PCR: Polymerase Chain Reaction: Technique for copying DNA.
PCR uses: Template DNA (your original samples)
DNA polymerase:- Enzyme that copies DNA
-From Thermus Aquaticus (bacteria that live in hot springs;100 degrees Celsius)
- This enzyme does not have denatured proteins at this temperature.

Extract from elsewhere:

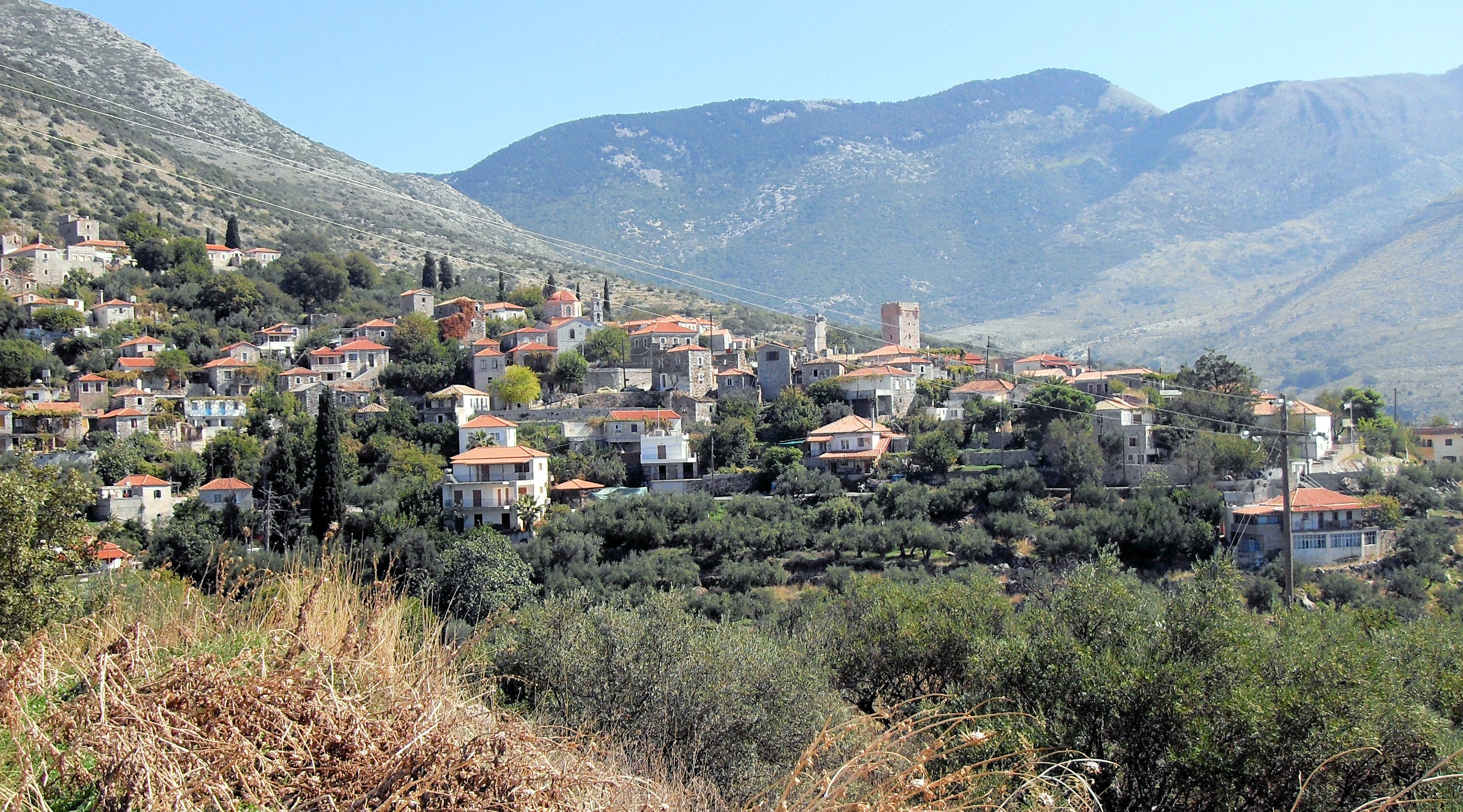 Village of Lagkada, community of West Mani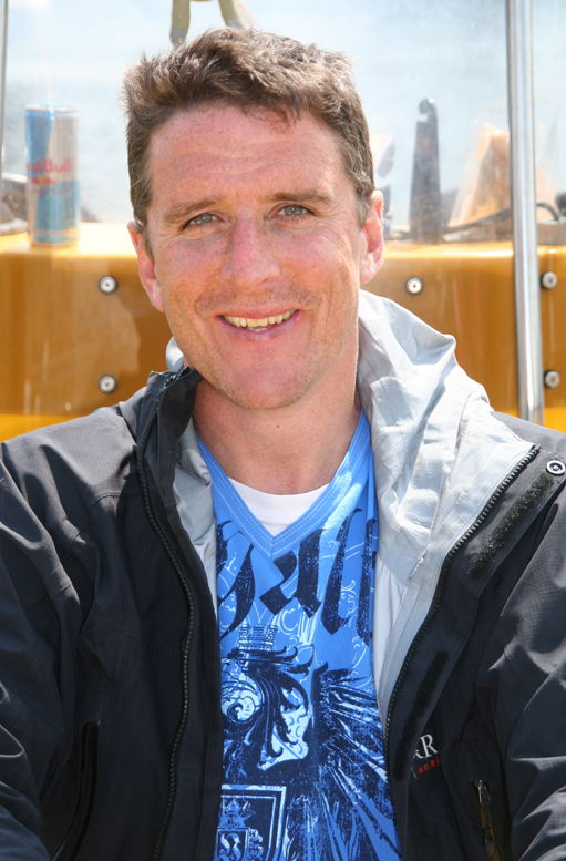 Welsh nature observer and television presenter Iolo WilliamsCymraeg: Iolo Williams

-DNA primer is a swatch of DNA complementary to the gene you want to amplify.
-Other phosphorlyated bases (GTP, ATP, CTP, TTP)
How PCR works:
1.) Double stranded DNA strands seperate at 90 degrees Celsius
2.) When cool in presence of DNA polymerase and nucleotide triphosphates, DNA polymerase synthesizes complementary strand for each template strand that there's a primer for.
Steps:
1.) Get 5 PCR tubes
-Positive Control (plasmid that has GAPDH gene in it)
-Negative Control (sterile water; Should have NO DNA in it)
-Purified DNA from Arabidopsis Thaliana (plant known to have the gene)
-DNA from plant 1
-DNA from plant 2
2.) Add 20 microliters of MM (master mix: nucleotide triphosphates and DNA polymerase) to each tube.
3.) Add 15 microliters of sterile water to each tube
4.) Add 5 microliters of DNA to each tube (Positive, Negative, Purified, Plant 1 and Plant 2). Be sure to change pipette tips!
5.) The tubes were then left over night in the PCR machine.